In the entries below, find the line with "- QUICKLY ENABLE/DISABLE" and the line with "Choose the video"; copy them and every line between them exactly, but not the pictures.

* **Data for the task**
=== Begin Enclosure ===

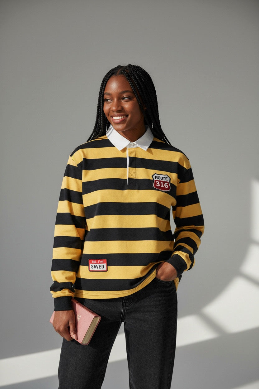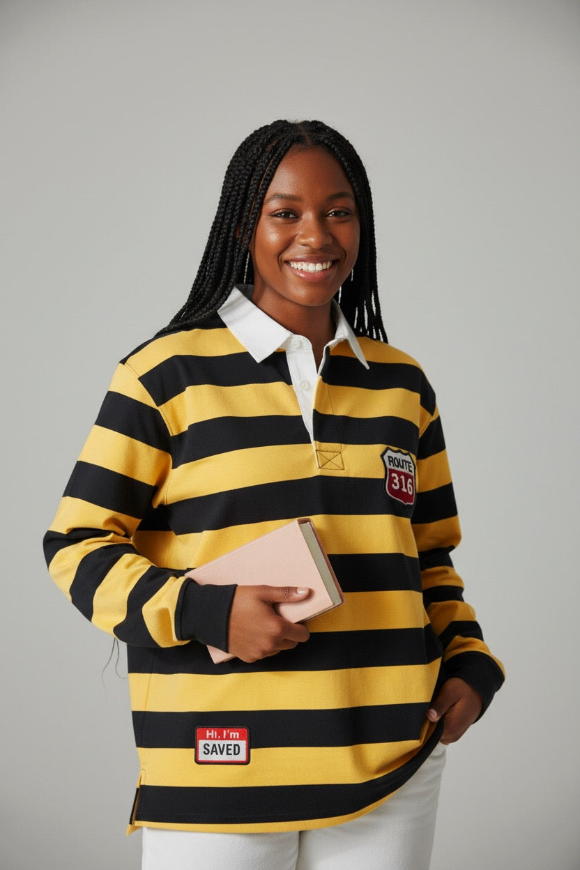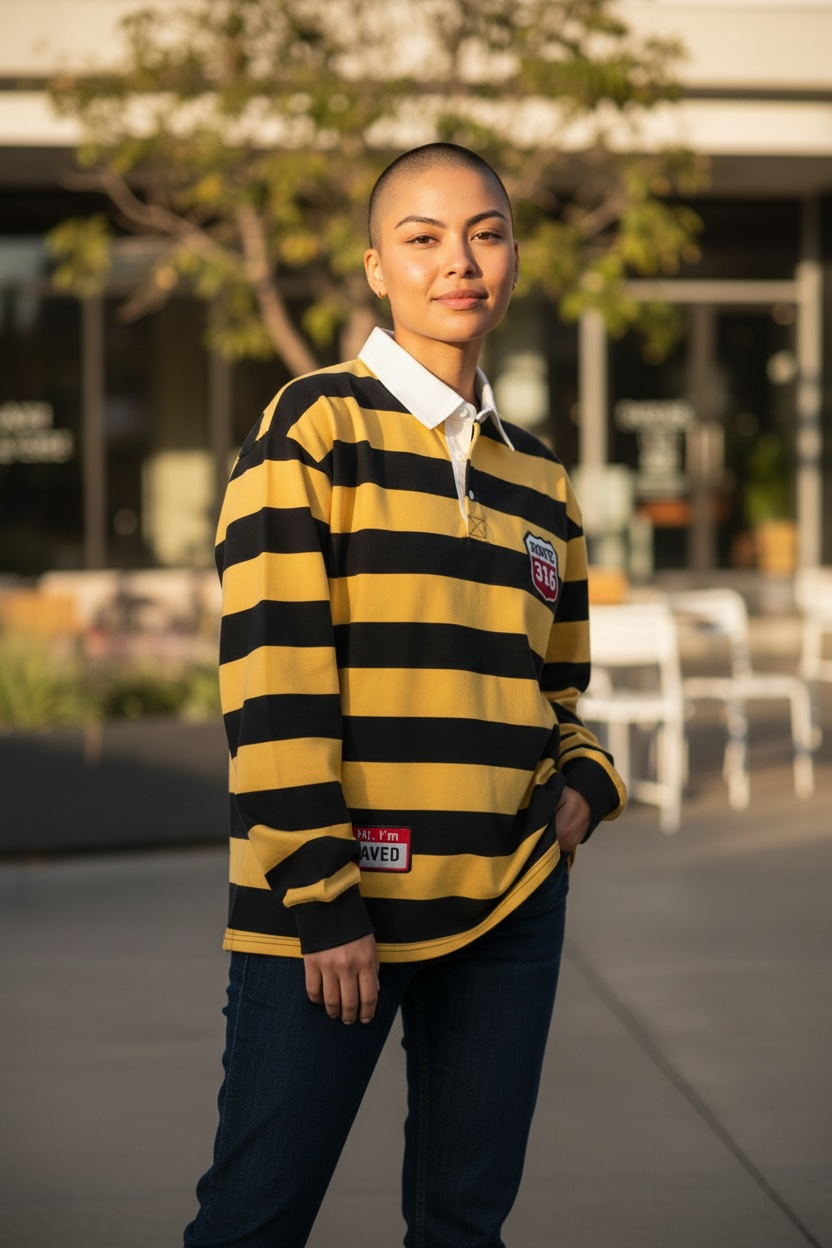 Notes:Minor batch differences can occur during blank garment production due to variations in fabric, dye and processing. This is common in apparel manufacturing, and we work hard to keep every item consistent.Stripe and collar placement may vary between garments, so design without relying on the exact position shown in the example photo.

=== End Enclosure ===
=== Begin Enclosure ===

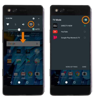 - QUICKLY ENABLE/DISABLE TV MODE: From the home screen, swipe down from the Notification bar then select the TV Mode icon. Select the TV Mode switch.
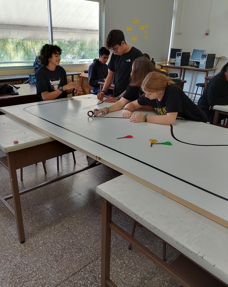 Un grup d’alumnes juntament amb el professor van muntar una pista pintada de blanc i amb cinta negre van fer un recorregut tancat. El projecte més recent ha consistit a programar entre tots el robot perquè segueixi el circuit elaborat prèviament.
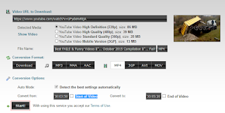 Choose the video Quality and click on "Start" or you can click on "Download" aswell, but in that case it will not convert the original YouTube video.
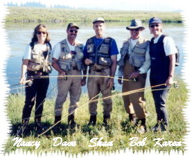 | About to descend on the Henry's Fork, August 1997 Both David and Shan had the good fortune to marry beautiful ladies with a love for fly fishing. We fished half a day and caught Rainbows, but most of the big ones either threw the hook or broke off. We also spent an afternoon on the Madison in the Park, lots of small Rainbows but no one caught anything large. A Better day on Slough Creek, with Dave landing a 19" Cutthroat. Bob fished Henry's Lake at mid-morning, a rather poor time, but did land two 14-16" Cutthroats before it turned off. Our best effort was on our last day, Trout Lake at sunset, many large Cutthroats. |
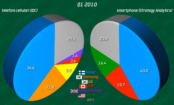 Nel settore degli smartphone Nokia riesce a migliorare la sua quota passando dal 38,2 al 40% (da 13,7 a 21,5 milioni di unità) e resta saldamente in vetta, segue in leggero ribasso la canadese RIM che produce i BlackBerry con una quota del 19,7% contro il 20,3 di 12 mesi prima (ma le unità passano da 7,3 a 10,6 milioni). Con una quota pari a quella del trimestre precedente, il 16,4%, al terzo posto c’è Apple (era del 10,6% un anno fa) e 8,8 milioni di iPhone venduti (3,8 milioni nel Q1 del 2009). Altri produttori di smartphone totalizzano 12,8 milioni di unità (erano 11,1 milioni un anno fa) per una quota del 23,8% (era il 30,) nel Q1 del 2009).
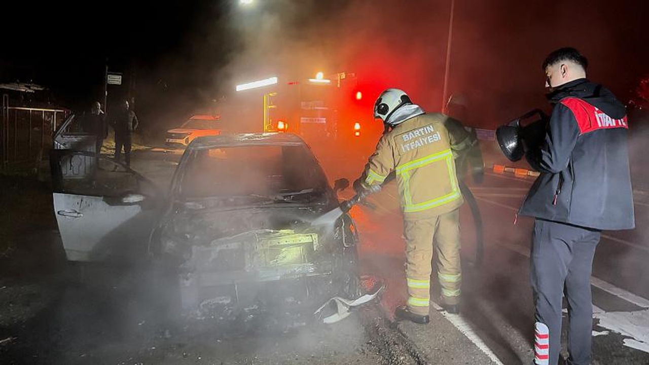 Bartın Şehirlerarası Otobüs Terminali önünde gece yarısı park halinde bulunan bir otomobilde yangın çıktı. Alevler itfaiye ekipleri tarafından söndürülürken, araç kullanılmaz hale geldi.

=== End Enclosure ===
=== Begin Enclosure ===

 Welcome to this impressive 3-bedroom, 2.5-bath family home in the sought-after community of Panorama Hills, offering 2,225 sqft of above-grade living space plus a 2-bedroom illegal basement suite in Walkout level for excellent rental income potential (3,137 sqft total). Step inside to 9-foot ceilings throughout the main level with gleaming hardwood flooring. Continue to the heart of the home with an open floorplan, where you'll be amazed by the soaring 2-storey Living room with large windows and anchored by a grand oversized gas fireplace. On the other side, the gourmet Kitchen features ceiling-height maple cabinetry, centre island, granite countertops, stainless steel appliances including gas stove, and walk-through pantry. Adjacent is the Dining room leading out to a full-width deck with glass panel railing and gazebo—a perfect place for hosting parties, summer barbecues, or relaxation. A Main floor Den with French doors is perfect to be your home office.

=== End Enclosure ===

* **Answer box**
 - QUICKLY ENABLE/DISABLE TV MODE: From the home screen, swipe down from the Notification bar then select the TV Mode icon. Select the TV Mode switch.
 Un grup d’alumnes juntament amb el professor van muntar una pista pintada de blanc i amb cinta negre van fer un recorregut tancat. El projecte més recent ha consistit a programar entre tots el robot perquè segueixi el circuit elaborat prèviament.
 Choose the video Quality and click on "Start" or you can click on "Download" aswell, but in that case it will not convert the original YouTube video.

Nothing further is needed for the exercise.